Mimosas For A Crowd Recipe

Champagne, orange juice, perhaps a splash of liqueur, and there you have it: a mimosa. If there is a more refreshing yet full-flavored cocktail than a mimosa, we're not sure we've had it. And with this recipe from Christina Musgrave of Tasting with Tina for making a large batch of mimosas, you and five friends can all have one together.

For the record, while it may be commonly used, you don't have to make a mimosa with Champagne. You can use prosecco (as we do here), cava, or a sparkling wine from anywhere, really. Granted, keeping track of all the different types of sparkling wine can be a bit confusing, so we'll cover a few of the main varieties later. Just rest assured that regardless of the type you choose, bubbly and orange juice go together like peas and carrots (which, for the record, do not make a great dish to serve with your mimosas). 

For some better pairing ideas, Musgrave says these are "great with brunch food — frittata, bacon, sausage, eggs, or cinnamon rolls are all great pairing options." Hungry and thirsty yet? We can help with the second part right now.

Gather your ingredients for the mimosas

To make six excellent mimosas, you'll need one bottle of your preferred sparkling wine, orange juice, a quarter cup of orange liqueur (think Grand Marnier or triple sec), and, if you're so inclined, a few orange wedges for garnish. You can also make a good drink by swapping out the wine for sparkling water or a non-alcoholic sparkler and ditching the liqueur — it will still be refreshing and tasty sans the booze.

Prepare the cocktail

Just as it only takes a few ingredients to make a great mimosa, it only takes a few steps, too.

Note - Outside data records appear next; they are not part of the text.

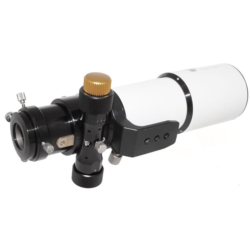 L'obiettivo con spazio d'aria è naturalmente montato in modo regolabile. Ogni lente è dotata della migliore multirivestimento possibile del produttore per il massimo contrasto. Il focheggiatore manuale può sostenere accessori fino a circa 5 chilogrammi senza inclinarsi. La regolazione del tubo di estrazione avviene tramite una cremagliera. È disaccoppiata dal supporto stesso. Ciò consente una regolazione sensibile anche con il carico massimo. La micro-riduzione 1:11 offre una regolazione precisa anche per l'astrofotografia. Una filettatura interna M54x0,75 sul tubo di estrazione consente anche collegamenti a vite.
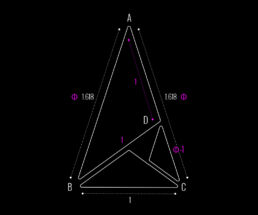 The most remarkable aspect lies in the spaces created between these three triangles. Here, a new isosceles triangle emerges, similar in proportion to the original larger triangle, pointing toward the upper right in a growth-oriented composition. This follows the golden triangle ratio, embodying both mathematical beauty and the logical precision expected of an AI development company, while simultaneously expressing future expansion.
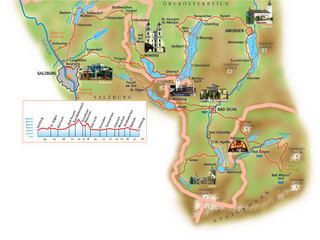 a kulturní mnohotvárností. KLASIFIKACE:Kondice 3, technika 3, zážitek 6, krajina 6 (max.6 bodů) NEJVHODNĚJŠÍ DOBA: Květen - Říjen. V červenci a srpnu je ale ve většině měst hlavní sezóna spojená s velkým provozem na silnicích a obtížným hledáním ubytování. TRASA: Salzburg - St.Lorenz (u Mondsee) - St.Gilgen (u Wolfgangsee) - St.Wolfgang (u Wolfgangsee) - Bad Ischl - Hallstat (u Hallstater See) - Obertraun am Hallstättersee - Bad Ausee - Grundlsee (u Grundlsee) - Bad Mittendorf - Bad Ausee - Altausee (u Altausee) - Bad Ischl - Gmunden (u Traunsee) - Schörfling am Attersee - Attersee am Attersee - Unterach am Attersee - Mondsee (u Mondsee) - Oberhofen am Irsee - Strasswalchen - Mattsee (u Mattsee) - Obertrumer am See - Salzburg REGIONY:Oberösterreich (Horní Rakousko), Salzkamergut (Solná komora), Steiermark (Štýrsko) NAPOJENÍ NA DALŠÍ CYKLOTRASY: Salzburg - Taurská stezka, Mozart radweg, Via Julia radweg, Salz - Seen tour. Bad Mitterndorf - cc a 13 km k Ennské cyklotrase. ZNAČENÍ TRASY: Cesta je značená v obou směrem informačními tabulemi: R 2 (v Horním Rakousku), R 19 s nápisem "Salzkammergut Radweg" (ve Štýrsku), zelené tabule s nápisem "Salzkammergut Radweg" (v Salcburku) PŘEDPISY PRO CYKLISTY: (více) - Rakousko: přilba je povinná pro děti do 12 let PŮJČOVNA KOL: www.oberoesterreich.at/cz/... - Horní Rakousko PŘÍJEZD K JEZERŮM:
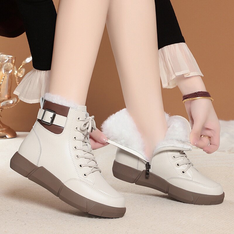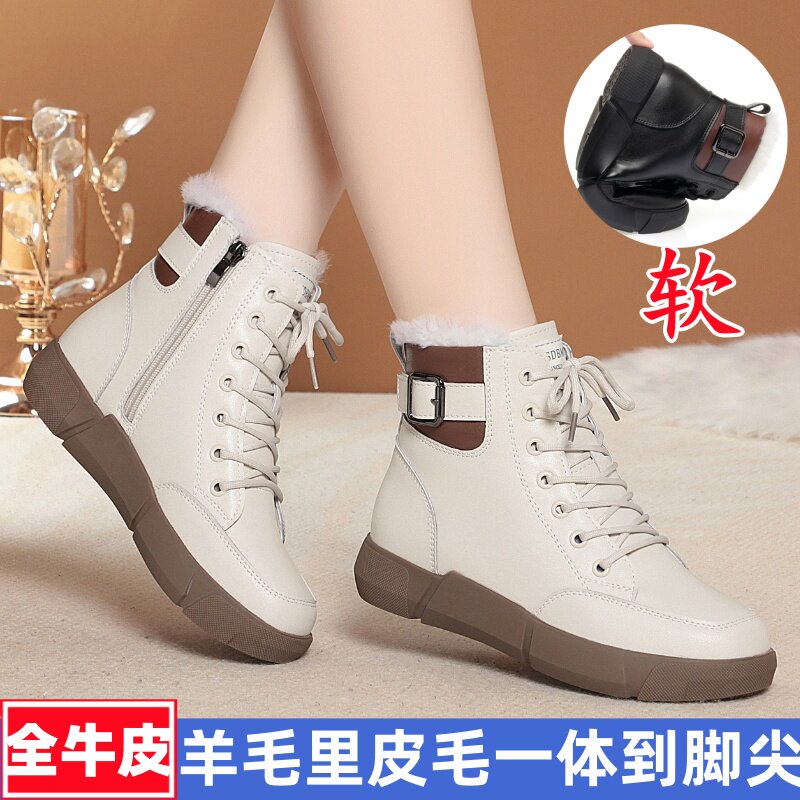 雪地靴女款冬季加绒马丁靴女妈妈大棉鞋羊毛皮毛一体真皮短靴靴子
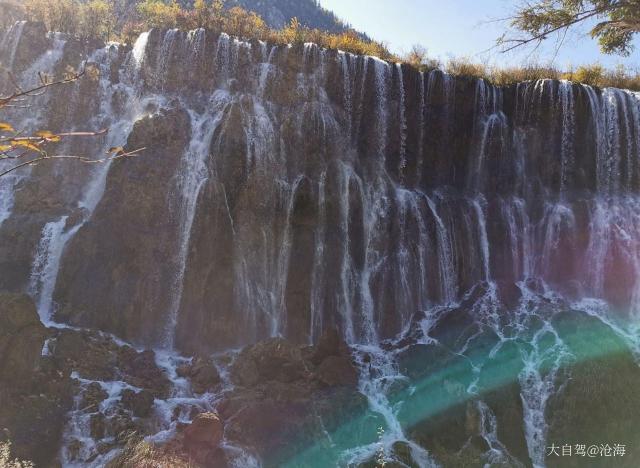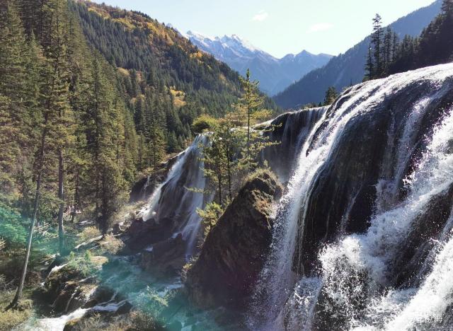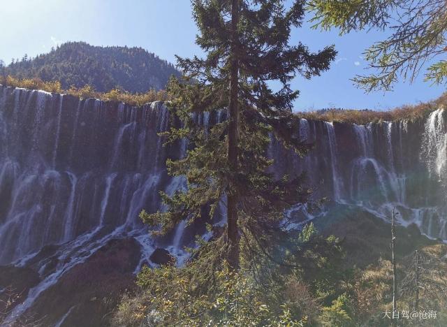 诺日朗瀑布位于诺日朗游客中心附近,是中国大型钙化瀑布之一。瀑布宽270米,高24.5米,也是中国最宽的瀑布,众多的影视剧曾在这里取景,包括中央电视台1986年版电视剧《西游记》的片尾就是在这里拍摄的。2017年8月地震被毁现在已经修复开放。在观景台上,瀑布全景尽收眼底,秋季时,瀑布的三百米飞流在秋色、云雾的衬托下,化成了一幕波澜壮阔的画面。

All you need to do to prepare this six-serving batch is to pour the entire bottle of sparkling wine in a large glass pitcher, add the orange juice, and then pour in your chosen orange liqueur. 

Stir the beverage well to combine the three liquids and serve it out in six champagne flutes (or other glasses). Garnish each of those with an orange wedge if you want, and enjoy!

Some notes on the mimosa-making

"It's pretty hard to mess up this recipe," Musgrave says, so it's a great cocktail for an inexperienced mixologist. She does have one specific note, however: "The only thing is to stir it well so the orange juice, wine, and orange liqueur really mix together well." As for her preferred type of sparkling wine, Musgrave says, "I typically use prosecco." 

What other sparkling wines could you use?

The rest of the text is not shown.